### Records for this task:
_ _ _

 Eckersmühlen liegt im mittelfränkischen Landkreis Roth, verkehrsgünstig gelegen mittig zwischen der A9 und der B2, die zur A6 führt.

_ _ _

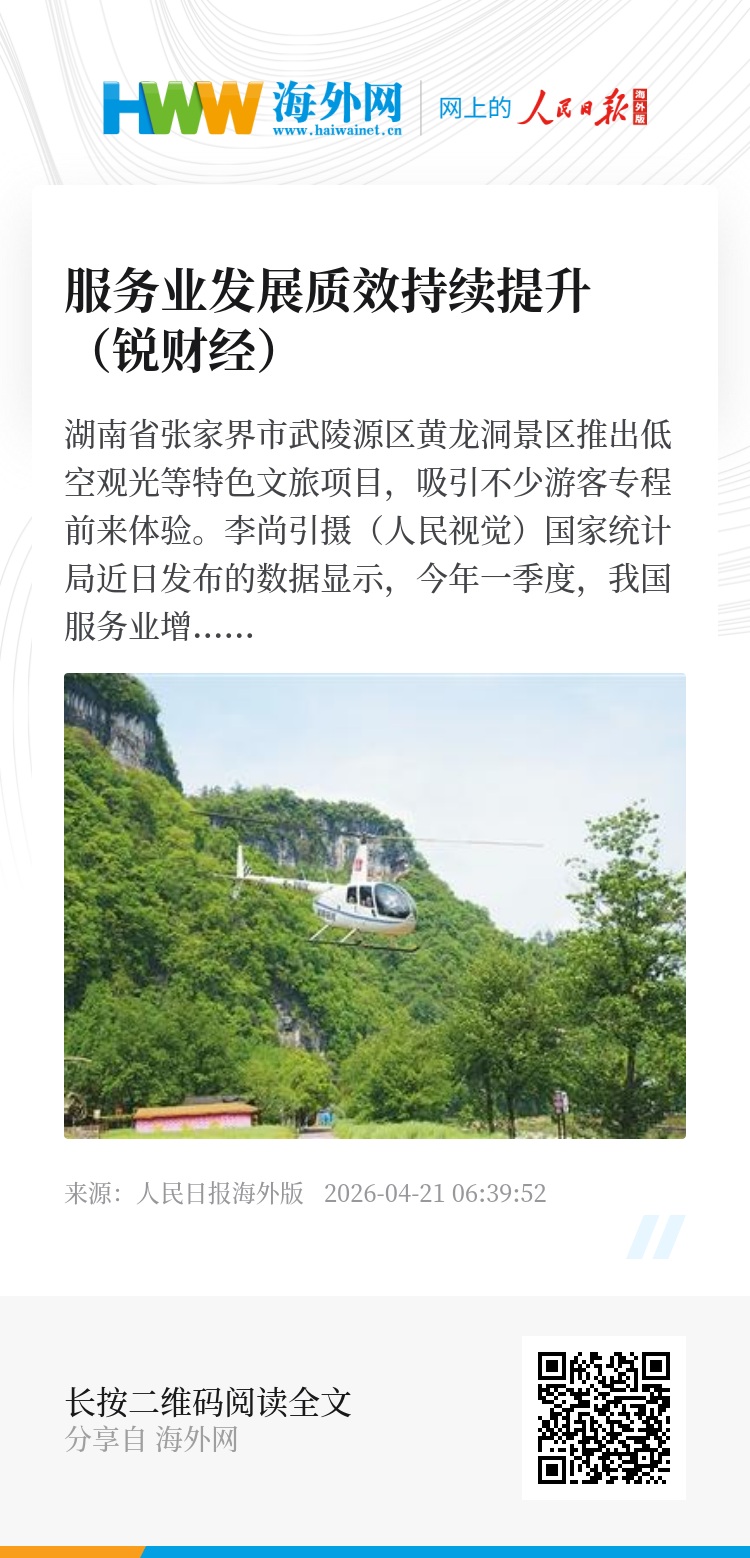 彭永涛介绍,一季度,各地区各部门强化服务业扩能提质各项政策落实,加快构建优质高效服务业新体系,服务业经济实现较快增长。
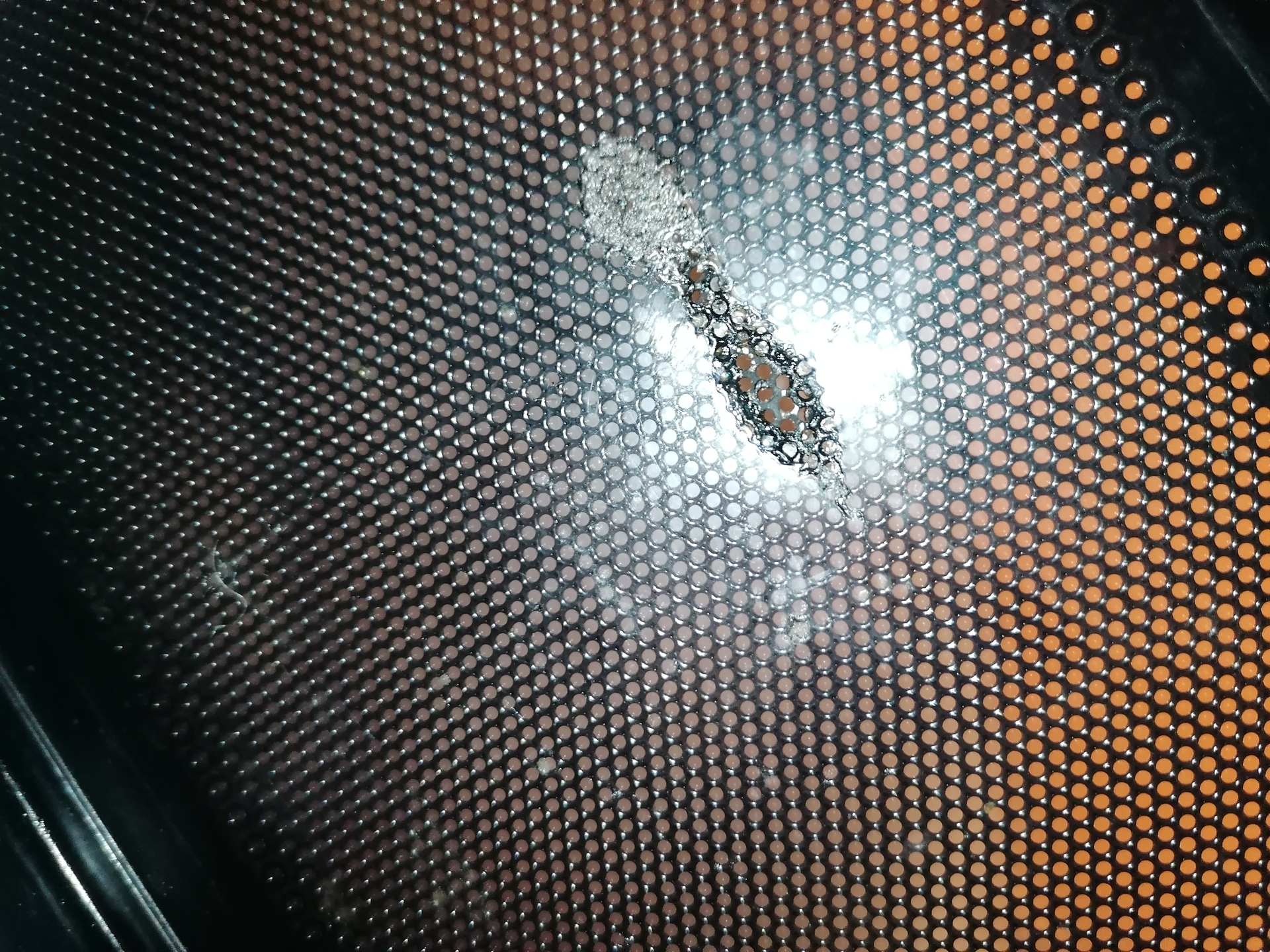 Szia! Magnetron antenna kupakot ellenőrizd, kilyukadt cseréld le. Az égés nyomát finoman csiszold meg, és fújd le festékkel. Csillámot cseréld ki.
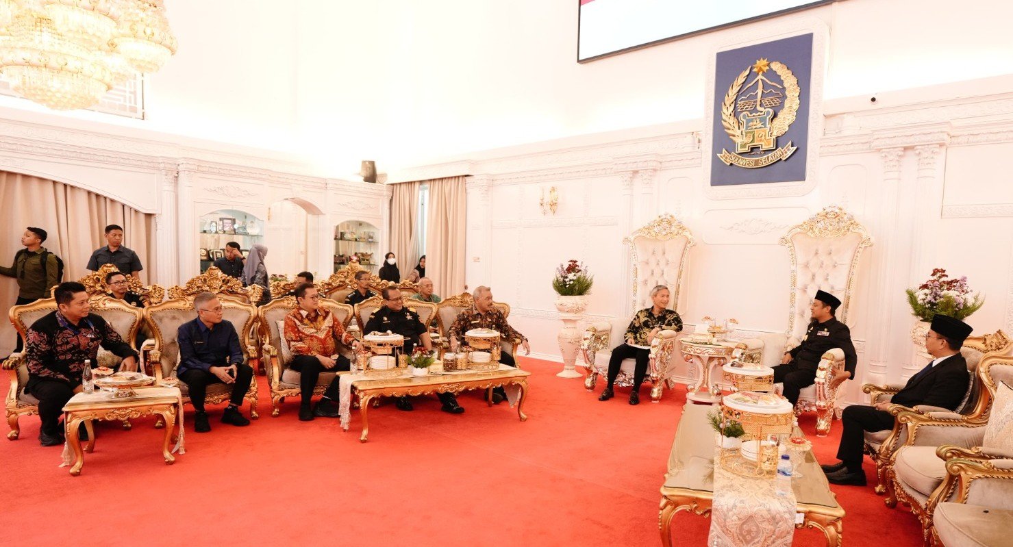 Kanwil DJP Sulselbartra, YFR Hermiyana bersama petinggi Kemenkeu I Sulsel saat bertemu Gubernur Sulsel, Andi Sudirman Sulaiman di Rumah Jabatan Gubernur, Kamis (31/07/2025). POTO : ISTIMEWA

_ _ _

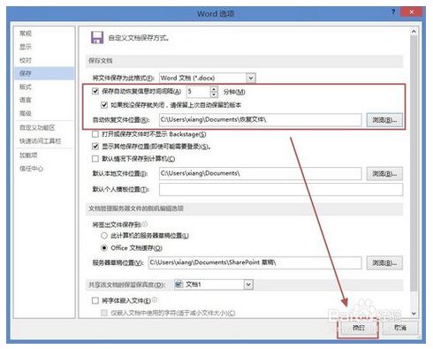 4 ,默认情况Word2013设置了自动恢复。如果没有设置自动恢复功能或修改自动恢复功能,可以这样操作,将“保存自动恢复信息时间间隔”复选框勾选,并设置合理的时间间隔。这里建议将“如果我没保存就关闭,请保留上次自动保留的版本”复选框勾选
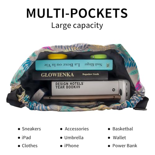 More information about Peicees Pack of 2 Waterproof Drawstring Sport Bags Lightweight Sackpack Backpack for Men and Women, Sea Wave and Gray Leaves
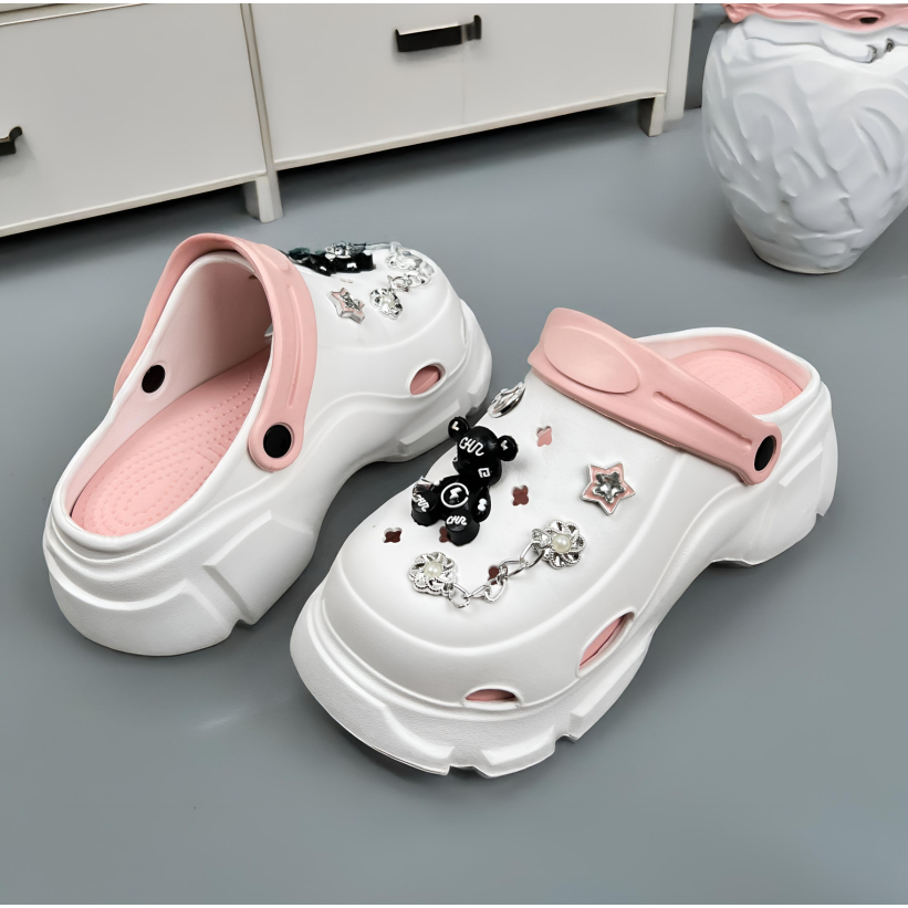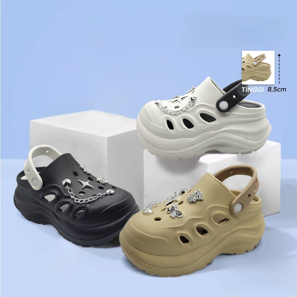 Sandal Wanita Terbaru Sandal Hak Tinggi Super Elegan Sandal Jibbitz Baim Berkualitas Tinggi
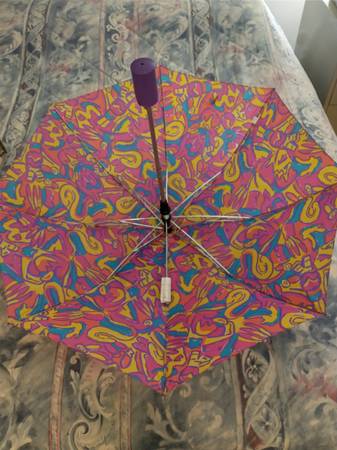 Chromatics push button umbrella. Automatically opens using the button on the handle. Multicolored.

_ _ _

### What you will do:
Exact copy, no pictures. Write out the lines in the entries above, starting with the line with "彭永涛介绍,一季度,各地区各" and going on through the line with "Szia! Magnetron antenna", keeping both.

### Task output:
 彭永涛介绍,一季度,各地区各部门强化服务业扩能提质各项政策落实,加快构建优质高效服务业新体系,服务业经济实现较快增长。
 Szia! Magnetron antenna kupakot ellenőrizd, kilyukadt cseréld le. Az égés nyomát finoman csiszold meg, és fújd le festékkel. Csillámot cseréld ki.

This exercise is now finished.